# [Dataset records]
———
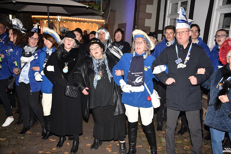 Beverungen (TKu). Voller Marktplatz, spannendes Warten, Nonstop Programm und gute Stimmung – Mit diesen Worten könnte man die Karnevalssessionseröffnung des Carnevalsvereins Weserbrücke e.V. (CVWB) mit Proklamation der Prinzenpaare auf dem Beverunger Marktplatz beschreiben. Voller Marktplatz: Mehr als 600 Närrinnen und Narren kamen auf dem Marktplatz in Beverungen zusammen, um gemeinsam die neuen Prinzenpaare zu feiern. Erstmals fand die Proklamation am Elften im Elften auf dem Marktplatz und nicht in der Volksbankfiliale Beverungen der Verbundvolksbank Höxter, was der Corona-Pandemie geschuldet war. Spannendes Warten: Bis zuletzt blieb es spannend, wer die neuen Totalitäten sind. Die bisherigen Prinzenpaare "Marcus, der expertelle Nette" und "Serena, die schnittige Brünette" sowie Kinderprinz "Jonas, der Rasante" und Kinderprinzessin "Jana, die Elegante" wurden nach ihrer Corona bedingten zweijährigen Amtszeit nun von CVWB-Präsident Friedhelm Dierkes verabschiedet. Die neuen Totalitäten sind Prinz Holger der Bilanzierende (Holger Kreiter) mit Prinzessin Susanne die Kassierende (Susanne Wolf) aus Beverungen und das Kinderprinzenpaar sind Prinz Johannes der Charmante (Johannes Haake) mit Prinzessin Emilia die sportlich Rasante (Emilia Kriwet) aus Beverungen. Nachdem sie die Insignien erhalten haben, mussten sie von der Bühne und auf die Tanzfläche für den traditionellen Prinzenpaar-Tanz und die haben der 56 Jahre junge Prinz Holger Kreiter und seine ein Jahr jüngere Prinzessin Susanne Wolf mit dem Walzer „Rut sin die Ruse“ zum Beben gebracht und andere mitgerissen. Die scheidenden Prinzenpaare mussten mittanzen. Zuvor wurden sie mit Geschenken und Karnevalsorden verabschiedet. Nonstop-Programm: Durch das durchgehende närrische Programm führten CVWB-Präsident Friedhelm Dierkes und die neue Sitzungspräsidentin Emily Buxton mit viel Charme und Witz. Nonstop begeistert haben das Tanzmariechen, das Tanzpaar und die Garden mit ihren neuen Tänzen, die sie der Bevölkerung erstmals vorstellten. Fehlen durfte auch nicht der Hauptsponsor, die Verbundvolksbank Höxter. Deren Mitarbeiterinnen und Mitarbeiter liefen dem Motto gerecht als Außerirdische auf, denn „Aus der Urzeit bis ins All – zusammen feiern wir Carneval“, so lautet das diesjährige Sessionsmotto des CVWB. Den Menschen gefiel diese neue Art der Veranstaltung und Corona war eine Zeit lang vergessen. Vielen habe es auf dem Marktplatz sehr gefallen, wie sie gegenüber Höxter-News erklärten und angeregt wurde auch mehrfach, diese Veranstaltung generell auf den Marktplatz zu verlegen. Das schloss auch CVWB-Präsident Friedhelm Dierkes in einer seiner Reden nicht gänzlich aus. Der CVWB habe nun fast ein Jahr, darüber nachzudenken, so Dierkes. Am bevorstehenden Samstag, den 13. November geht es weiter mit dem närrischen Treiben, dann startet ab 18:11 die Eröffnungsparty in der Beverunger Stadthalle mit anschließender Mallorca-Party ab 21 Uhr.
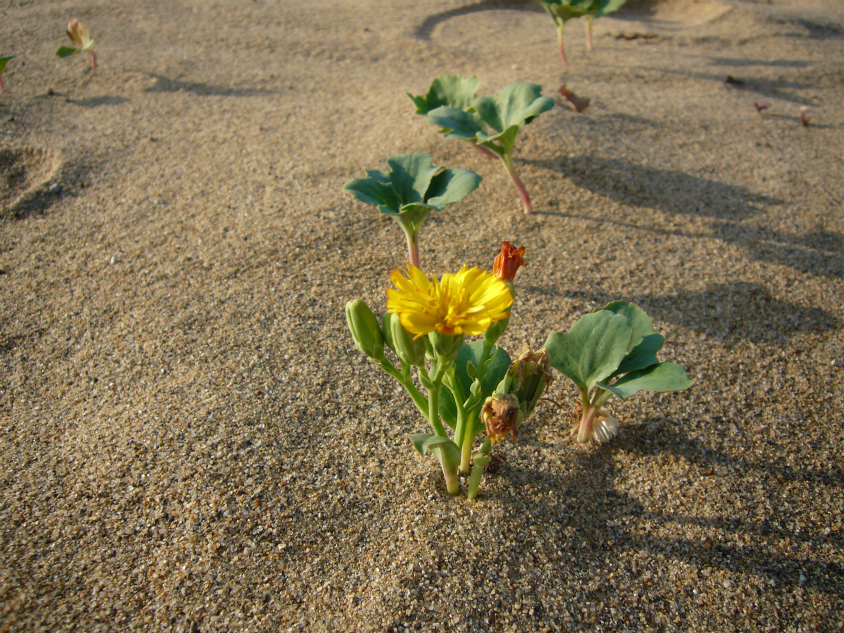 おくまで歩くと窪地のようになっている場所で水が溜まっていたり、花が咲いていたりしてちょっとした砂漠のオアシス気分を味わうことができます。家のワンコはそこの水たまりに入って遊んでました。
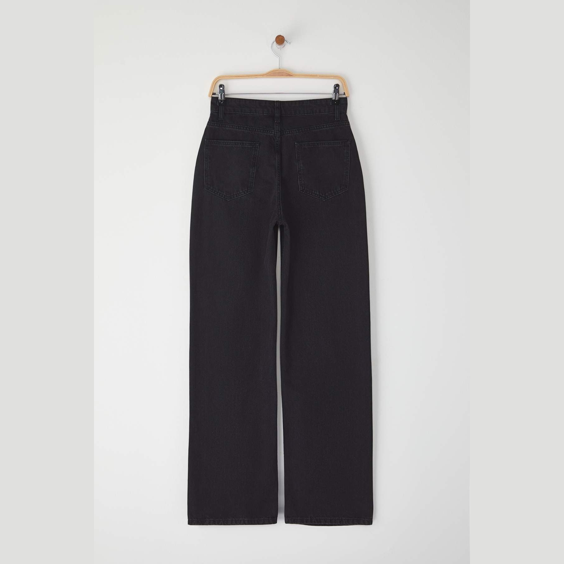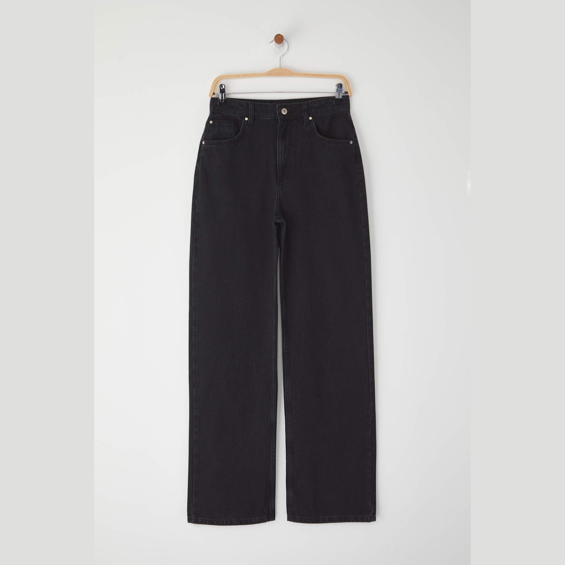 بنطال جينز نسائي بلون أسود، مصنوع من قماش دنيم طبيعي 100% قطن، يتميز بخصر مرتفع، قصة واسعة من الأسفل، وإغلاق أمامي بزر وسحاب. تصميم عملي يمنحك إطلالة مريحة وعصرية تناسب الاستخدام اليومي.
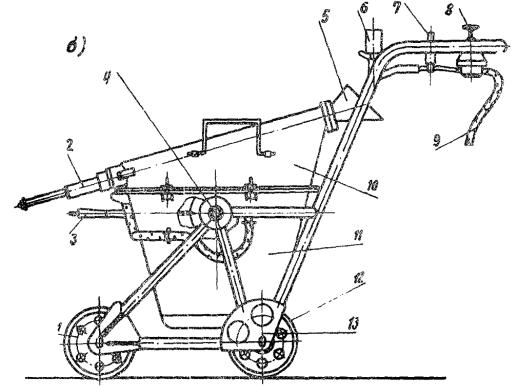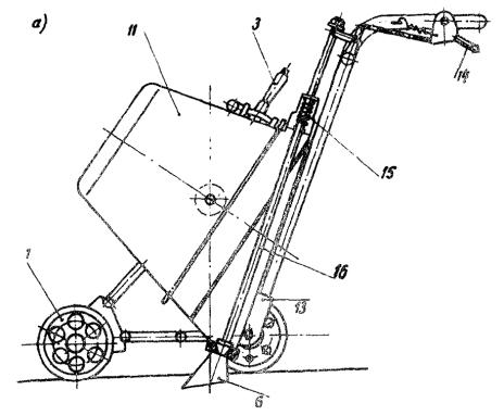 Рис. 2. Заливщик швов: 1 - переднее ребордное направляющее колесо; 2 - шток выпускного клапана; 3 - рычаг поворота емкости; 4 - ось поворота емкости с транспортного положения в рабочее; 5 - сменное сопло; 6 - манометр; 7 - воздушный кран; 8 - редукционный клапан; 9 - шланг для подачи сжатого воздуха от компрессора смесительного агрегата; 10 - крышка; 11 - емкость заливщика; 12 - задние несущие колеса; 13 - трехколесная тележка; 14 - рычаг регулировки открытия клапана; 15 - пружина клапана; 16 - тяга выпускного клапана б) начальное или транспортное (рис. 2, б), соответствующее введению в него компонентов герметика и перемешиванию их до получения однородной массы. В этом положении уплотнительная крышка снята, а ось емкости занимает вертикальное положение. Техническая характеристика заливщика швов Емкость бака................................................ 45 л Давление сжатого воздуха при подаче мастики в шов................................ 0,5 - 2,5 ати Регулирование подачи мастики................ Коническим клапаном на выпускном отверстии и изменением давления воздуха Внутренний диаметр шланга, подводящего воздух от компрессора на агрегате к заливщику............................. 9 мм Скорость заливки........................................ 6 м/мин Количество колес....................................... 3 Переднее колесо.......................................... Металлическое с центральной ребордой Задние колеса.............................................. Обрезиненные Габариты (длина, ширина, высота).......... 1340´694´990 мм Масса........................................................... 142 кг 3. Комплект приспособлений для подготовки швов к заполнению включает: а) приспособление для очистки швов от щебня, песка и грунта, выполненное в виде стального крюка, отогнутого книзу. При перемещении рабочего органа вдоль шва одновременно в шов подается сжатый воздух, подведенный от компрессора смесительного агрегата к полой рукоятке приспособления. Такая комбинированная очистка шва (одновременно механическая и пневматическая) эффективна и проста; б) приспособление для очистки швов от песка и пыли, выполненное в виде вращающейся щетки с металлическим ворсом и полой рукоятки для сжатого воздуха, подводимого от компрессора. Щетка вращается от ходового колеса через функциональную передачу; в) приспособление для просушки влажной поверхности швов, выполненное в виде паяльной лампы, смонтированной на трехколесной тележке; г) приспособление для предохранения подготовленных к заполнению герметиком швов от повторного загрязнения и заполненных швов - от попадания влаги, выполненное в виде катушки с бумажным рулоном с войлочными и резиновыми роликами и бачка с клеем. Ширина наклеиваемой ленты 40 мм. Примечания: Чтобы избежать налипания тиоколового герметика на металлические поверхности оборудования внутренние стенки заливщика швов и лопасть смесительного агрегата за 15 - 20 мин до начала приготовления герметика следует смазывать 5 %-ным раствором полиизобутилена в бензине. 2. Качественное заполнение швов постигается при установившемся давлении в емкости заливщика и правильно выбранном в зависимости от ширины заполняемого шва типе сопла. 3. По окончании рабочей смены все внутренние поверхности заливщика швов, сопла и лопасти смесителя должны быть тщательно очищены от остатков герметика скребком. СОДЕРЖАНИЕ
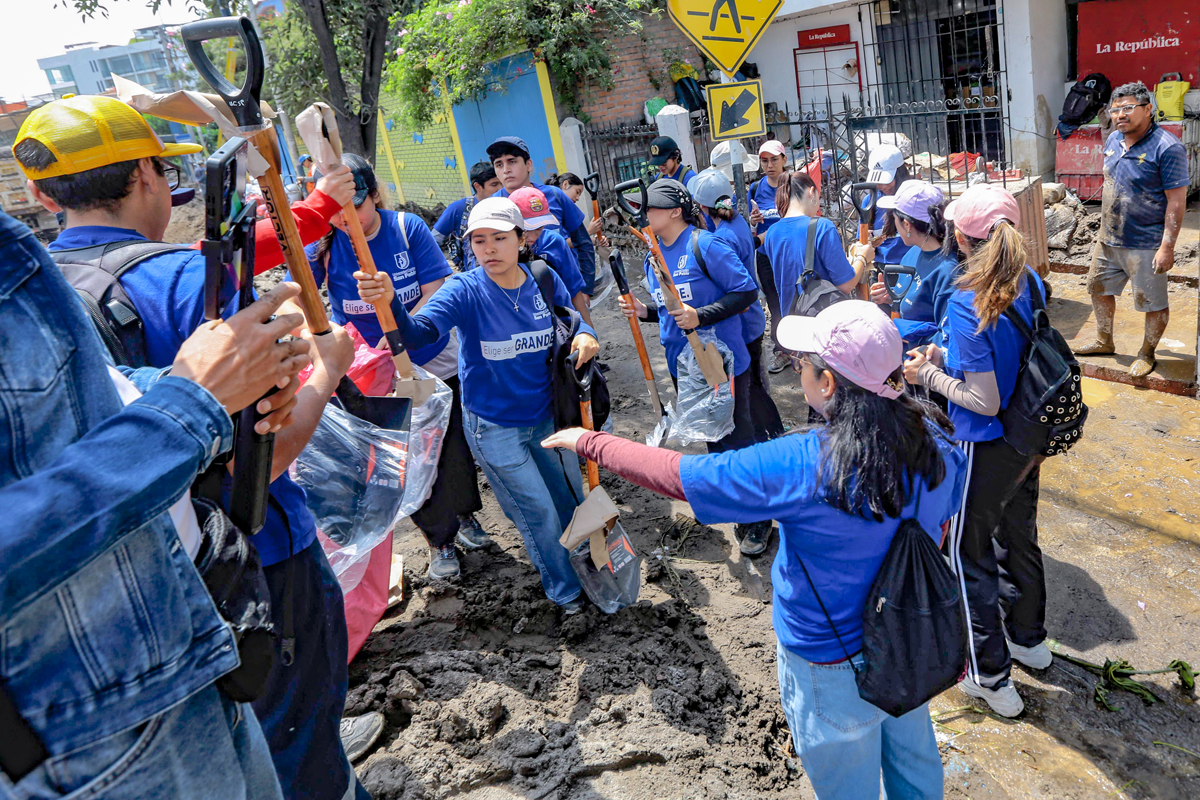 Integrantes de la San Pablo participan en campañas de limpieza en zonas afectadas por los huaycos.
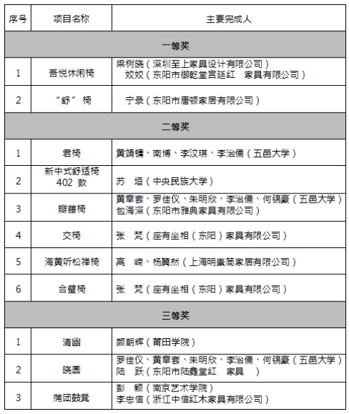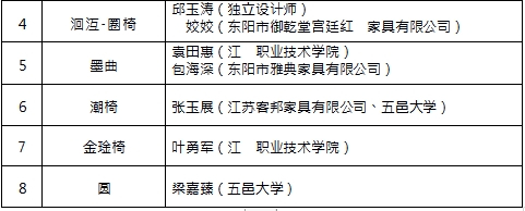 附:第三届“中国的椅?——品质·东阳”原创作品 征集活动授奖项目名单
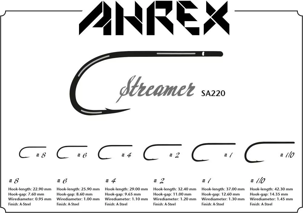The Ahrex SA220 saltwater streamer hook is a straight shank, straight eye streamer hook for saltwater flies. Not as long as a traditional streamer hooks and made with a heavier wire. This hook is an obvious choice for almost any fly, and is a great all-around saltwater hook!Â
———
# [Problem description]
Omit the pictures and reproduce the records above exactly.

# [Solution]
 Beverungen (TKu). Voller Marktplatz, spannendes Warten, Nonstop Programm und gute Stimmung – Mit diesen Worten könnte man die Karnevalssessionseröffnung des Carnevalsvereins Weserbrücke e.V. (CVWB) mit Proklamation der Prinzenpaare auf dem Beverunger Marktplatz beschreiben. Voller Marktplatz: Mehr als 600 Närrinnen und Narren kamen auf dem Marktplatz in Beverungen zusammen, um gemeinsam die neuen Prinzenpaare zu feiern. Erstmals fand die Proklamation am Elften im Elften auf dem Marktplatz und nicht in der Volksbankfiliale Beverungen der Verbundvolksbank Höxter, was der Corona-Pandemie geschuldet war. Spannendes Warten: Bis zuletzt blieb es spannend, wer die neuen Totalitäten sind. Die bisherigen Prinzenpaare "Marcus, der expertelle Nette" und "Serena, die schnittige Brünette" sowie Kinderprinz "Jonas, der Rasante" und Kinderprinzessin "Jana, die Elegante" wurden nach ihrer Corona bedingten zweijährigen Amtszeit nun von CVWB-Präsident Friedhelm Dierkes verabschiedet. Die neuen Totalitäten sind Prinz Holger der Bilanzierende (Holger Kreiter) mit Prinzessin Susanne die Kassierende (Susanne Wolf) aus Beverungen und das Kinderprinzenpaar sind Prinz Johannes der Charmante (Johannes Haake) mit Prinzessin Emilia die sportlich Rasante (Emilia Kriwet) aus Beverungen. Nachdem sie die Insignien erhalten haben, mussten sie von der Bühne und auf die Tanzfläche für den traditionellen Prinzenpaar-Tanz und die haben der 56 Jahre junge Prinz Holger Kreiter und seine ein Jahr jüngere Prinzessin Susanne Wolf mit dem Walzer „Rut sin die Ruse“ zum Beben gebracht und andere mitgerissen. Die scheidenden Prinzenpaare mussten mittanzen. Zuvor wurden sie mit Geschenken und Karnevalsorden verabschiedet. Nonstop-Programm: Durch das durchgehende närrische Programm führten CVWB-Präsident Friedhelm Dierkes und die neue Sitzungspräsidentin Emily Buxton mit viel Charme und Witz. Nonstop begeistert haben das Tanzmariechen, das Tanzpaar und die Garden mit ihren neuen Tänzen, die sie der Bevölkerung erstmals vorstellten. Fehlen durfte auch nicht der Hauptsponsor, die Verbundvolksbank Höxter. Deren Mitarbeiterinnen und Mitarbeiter liefen dem Motto gerecht als Außerirdische auf, denn „Aus der Urzeit bis ins All – zusammen feiern wir Carneval“, so lautet das diesjährige Sessionsmotto des CVWB. Den Menschen gefiel diese neue Art der Veranstaltung und Corona war eine Zeit lang vergessen. Vielen habe es auf dem Marktplatz sehr gefallen, wie sie gegenüber Höxter-News erklärten und angeregt wurde auch mehrfach, diese Veranstaltung generell auf den Marktplatz zu verlegen. Das schloss auch CVWB-Präsident Friedhelm Dierkes in einer seiner Reden nicht gänzlich aus. Der CVWB habe nun fast ein Jahr, darüber nachzudenken, so Dierkes. Am bevorstehenden Samstag, den 13. November geht es weiter mit dem närrischen Treiben, dann startet ab 18:11 die Eröffnungsparty in der Beverunger Stadthalle mit anschließender Mallorca-Party ab 21 Uhr.
 おくまで歩くと窪地のようになっている場所で水が溜まっていたり、花が咲いていたりしてちょっとした砂漠のオアシス気分を味わうことができます。家のワンコはそこの水たまりに入って遊んでました。
 بنطال جينز نسائي بلون أسود، مصنوع من قماش دنيم طبيعي 100% قطن، يتميز بخصر مرتفع، قصة واسعة من الأسفل، وإغلاق أمامي بزر وسحاب. تصميم عملي يمنحك إطلالة مريحة وعصرية تناسب الاستخدام اليومي.
 Рис. 2. Заливщик швов: 1 - переднее ребордное направляющее колесо; 2 - шток выпускного клапана; 3 - рычаг поворота емкости; 4 - ось поворота емкости с транспортного положения в рабочее; 5 - сменное сопло; 6 - манометр; 7 - воздушный кран; 8 - редукционный клапан; 9 - шланг для подачи сжатого воздуха от компрессора смесительного агрегата; 10 - крышка; 11 - емкость заливщика; 12 - задние несущие колеса; 13 - трехколесная тележка; 14 - рычаг регулировки открытия клапана; 15 - пружина клапана; 16 - тяга выпускного клапана б) начальное или транспортное (рис. 2, б), соответствующее введению в него компонентов герметика и перемешиванию их до получения однородной массы. В этом положении уплотнительная крышка снята, а ось емкости занимает вертикальное положение. Техническая характеристика заливщика швов Емкость бака................................................ 45 л Давление сжатого воздуха при подаче мастики в шов................................ 0,5 - 2,5 ати Регулирование подачи мастики................ Коническим клапаном на выпускном отверстии и изменением давления воздуха Внутренний диаметр шланга, подводящего воздух от компрессора на агрегате к заливщику............................. 9 мм Скорость заливки........................................ 6 м/мин Количество колес....................................... 3 Переднее колесо.......................................... Металлическое с центральной ребордой Задние колеса.............................................. Обрезиненные Габариты (длина, ширина, высота).......... 1340´694´990 мм Масса........................................................... 142 кг 3. Комплект приспособлений для подготовки швов к заполнению включает: а) приспособление для очистки швов от щебня, песка и грунта, выполненное в виде стального крюка, отогнутого книзу. При перемещении рабочего органа вдоль шва одновременно в шов подается сжатый воздух, подведенный от компрессора смесительного агрегата к полой рукоятке приспособления. Такая комбинированная очистка шва (одновременно механическая и пневматическая) эффективна и проста; б) приспособление для очистки швов от песка и пыли, выполненное в виде вращающейся щетки с металлическим ворсом и полой рукоятки для сжатого воздуха, подводимого от компрессора. Щетка вращается от ходового колеса через функциональную передачу; в) приспособление для просушки влажной поверхности швов, выполненное в виде паяльной лампы, смонтированной на трехколесной тележке; г) приспособление для предохранения подготовленных к заполнению герметиком швов от повторного загрязнения и заполненных швов - от попадания влаги, выполненное в виде катушки с бумажным рулоном с войлочными и резиновыми роликами и бачка с клеем. Ширина наклеиваемой ленты 40 мм. Примечания: Чтобы избежать налипания тиоколового герметика на металлические поверхности оборудования внутренние стенки заливщика швов и лопасть смесительного агрегата за 15 - 20 мин до начала приготовления герметика следует смазывать 5 %-ным раствором полиизобутилена в бензине. 2. Качественное заполнение швов постигается при установившемся давлении в емкости заливщика и правильно выбранном в зависимости от ширины заполняемого шва типе сопла. 3. По окончании рабочей смены все внутренние поверхности заливщика швов, сопла и лопасти смесителя должны быть тщательно очищены от остатков герметика скребком. СОДЕРЖАНИЕ
 Integrantes de la San Pablo participan en campañas de limpieza en zonas afectadas por los huaycos.
 附:第三届“中国的椅?——品质·东阳”原创作品 征集活动授奖项目名单
The Ahrex SA220 saltwater streamer hook is a straight shank, straight eye streamer hook for saltwater flies. Not as long as a traditional streamer hooks and made with a heavier wire. This hook is an obvious choice for almost any fly, and is a great all-around saltwater hook!Â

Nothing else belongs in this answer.